> [MATERIAL SUPPLIED]:
◆ ◆ ◆ ◆ ◆

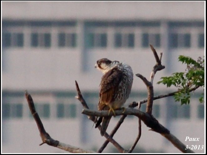 Before perching on the tree, this young killer was chased by a Collared Crow!
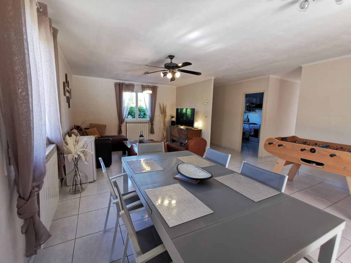 Cet hébergement de plain-pied en rez-de-chaussée comprend une cuisine parfaitement équipée (cafetière traditionnelle et machine nespresso, bouilloire, grille-pain, micro-ondes, four, lave-vaisselle, réfrégérateur combiné), une salle à manger avec une enceinte radio chaîne hifi, un lecteur DVD et films vidéos, livres et babyfoot.
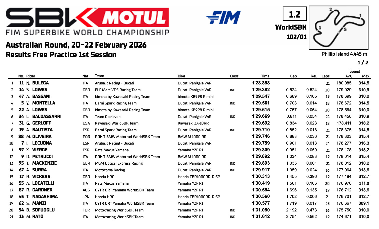ブレガは、週末を理想的な形でスタート。セッション序盤にロングランを敢行し、そのスティント終盤でベストタイムを記録した。オーストラリアでの強さを早々に示し、ライバルに強烈なメッセージを送った。2番手はサム・ロウズ(ELF Marc VDS Racing Team)、3番手はアクセル・バッサーニ(bimota by Kawasaki Racing Team)となった。
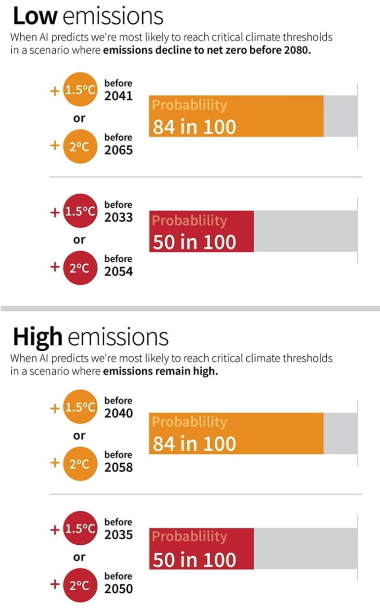 "Wenn die Emissionen in den nächsten Jahrzehnten hoch bleiben, prognostiziert die KI eine Chance von eins zu zwei, dass sich die Erde im Vergleich zur vorindustriellen Zeit bis Mitte dieses Jahrhunderts um durchschnittlich 2 Grad Celsius erwärmt, und eine Chance von mehr als vier zu fünf, dass diese Schwelle bis 2060 erreicht wird."
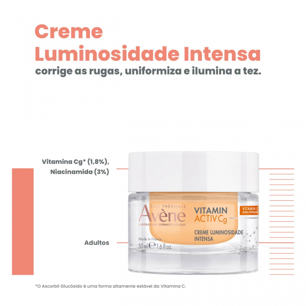 - 1.8% de vitamina Cg, com eficácia antioxidante equivalente a 20% de vitamina C, uma opção igualmente eficaz mas mais sustentável
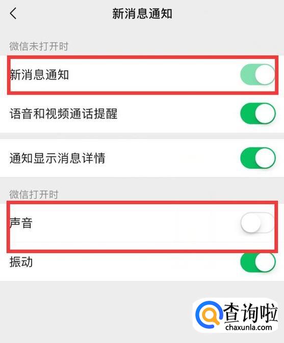 将“接收新消息通知”和“声音”这两个按钮打开。
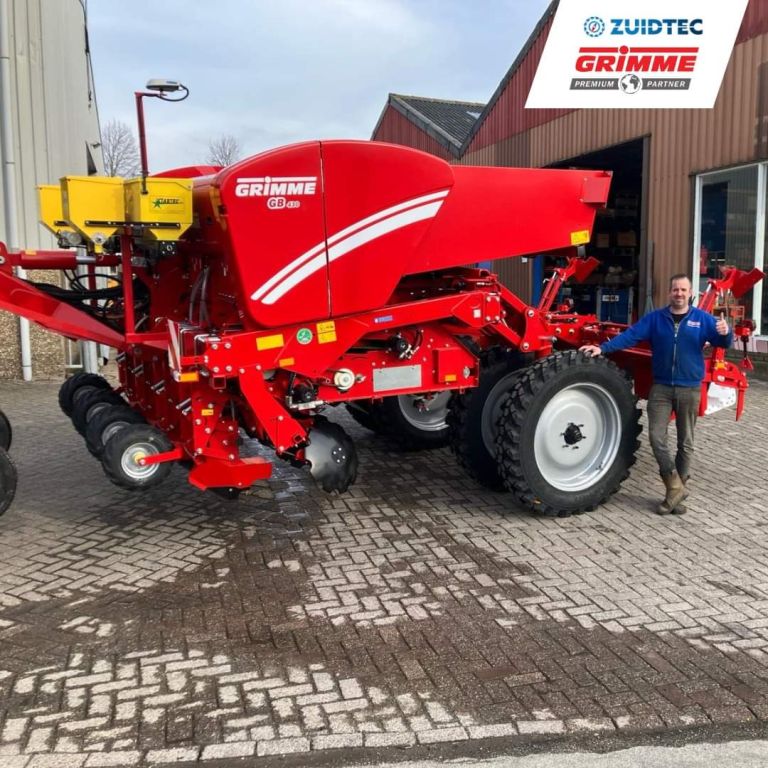 De nieuwe Grimme GB430 bandpootmachine is afgeleverd op ons bedrijf en is bezig om de eerste percelen aardappelen te poten. Wederom een mooie en uitgebreide pootcombi met ongekend veel mogelijkheden.
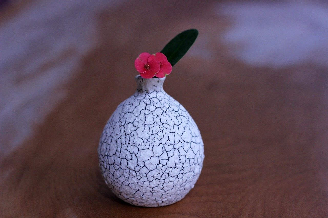This tokkko-shaped vase adds a natural ambience to any room. The cracked pattern on the white background gives it an antique look and makes it a single-flower vase with a strong presence. Its small size makes it easy to place it at the entrance or in the bathroom, etc., and it will make your room more colorful.
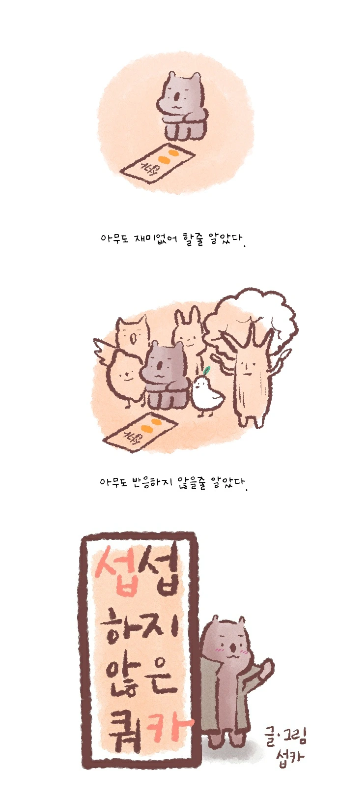<섭섭하지 않은 쿼카>그림일기 웹툰 작가이자 운동을 좋아하는 일러스트레이터입니다. 따뜻한 그림을 그리고 싶습니다. 작가님의 글에 따뜻함을 더하고 싶으신분들은 제안해주세요.
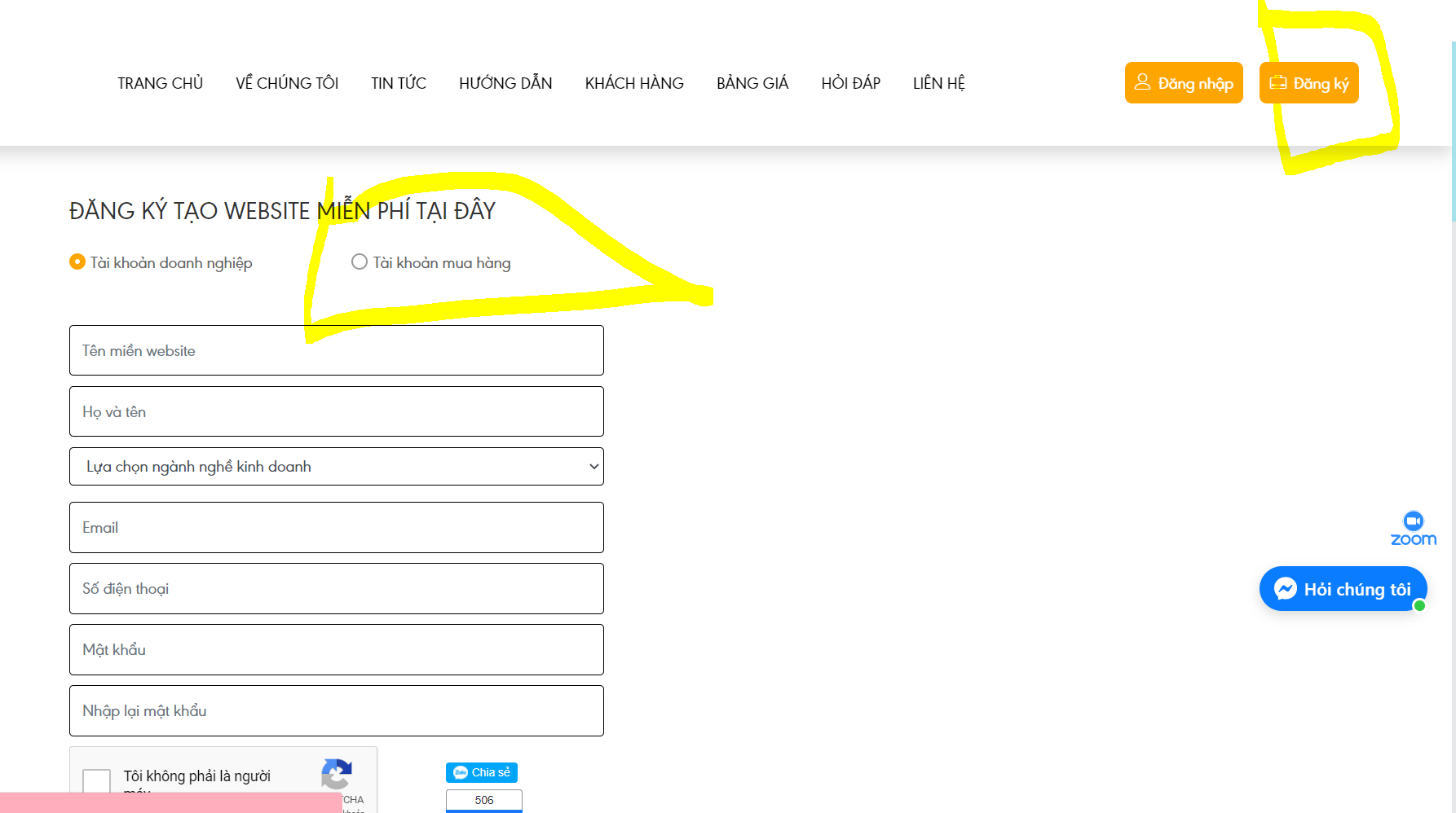 Bước 2: Nhận vào nút đăng ký
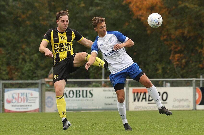 Bij de foto, Wilco Berghoef, hij scoorde de 1-0 voor ONT, in een duel om de bal. Foto Bennie Annema, SC Kootstertille.
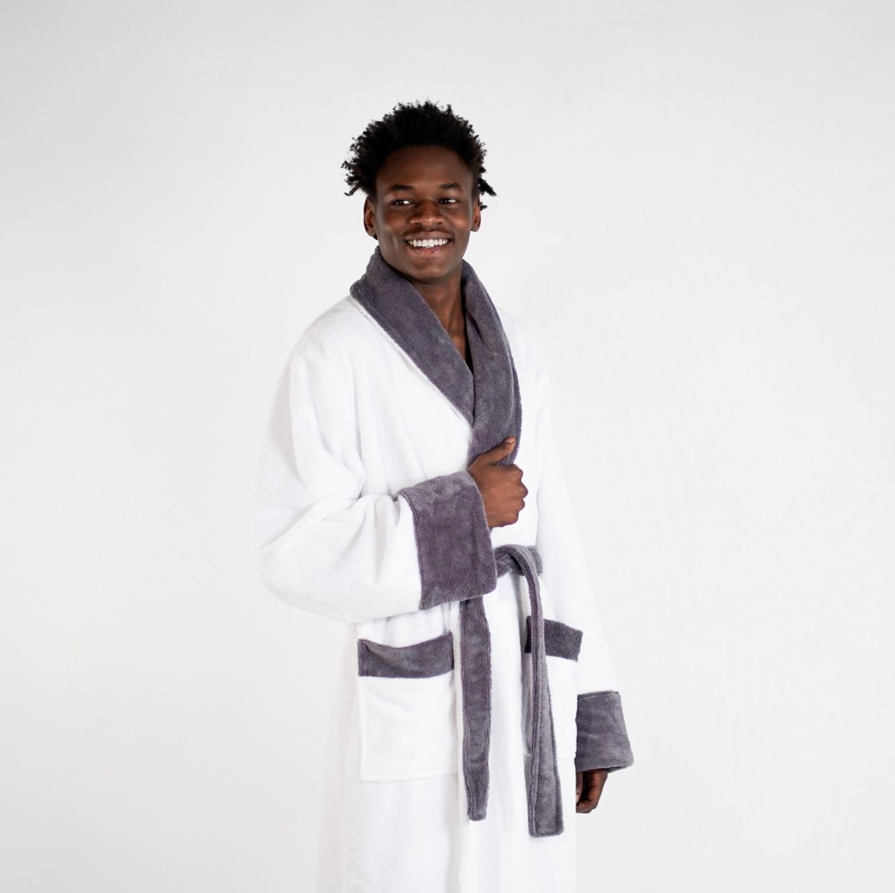 The robe is available in different sizes so that you can find the perfect fit for you. It is machine washable and tumble dryable, making it easy to care for and maintain. The robe comes in white and gray colors, perfect for both men and women. This robe is soft, absorbent, warm, and pleasant for use before and after a shower. Our bathrobes are made with high-quality, well-soft fabric that has antibacterial properties, making it suitable for human health and reducing the risk of allergic reactions.

◆ ◆ ◆ ◆ ◆

> [WORK ITEM]:
In the listing above, find the line with "Kawasaki Racing Team)となった。" and output every line through the one with "die Emissionen in", exactly, without the pictures.

> [RESULT]:
ブレガは、週末を理想的な形でスタート。セッション序盤にロングランを敢行し、そのスティント終盤でベストタイムを記録した。オーストラリアでの強さを早々に示し、ライバルに強烈なメッセージを送った。2番手はサム・ロウズ(ELF Marc VDS Racing Team)、3番手はアクセル・バッサーニ(bimota by Kawasaki Racing Team)となった。
 "Wenn die Emissionen in den nächsten Jahrzehnten hoch bleiben, prognostiziert die KI eine Chance von eins zu zwei, dass sich die Erde im Vergleich zur vorindustriellen Zeit bis Mitte dieses Jahrhunderts um durchschnittlich 2 Grad Celsius erwärmt, und eine Chance von mehr als vier zu fünf, dass diese Schwelle bis 2060 erreicht wird."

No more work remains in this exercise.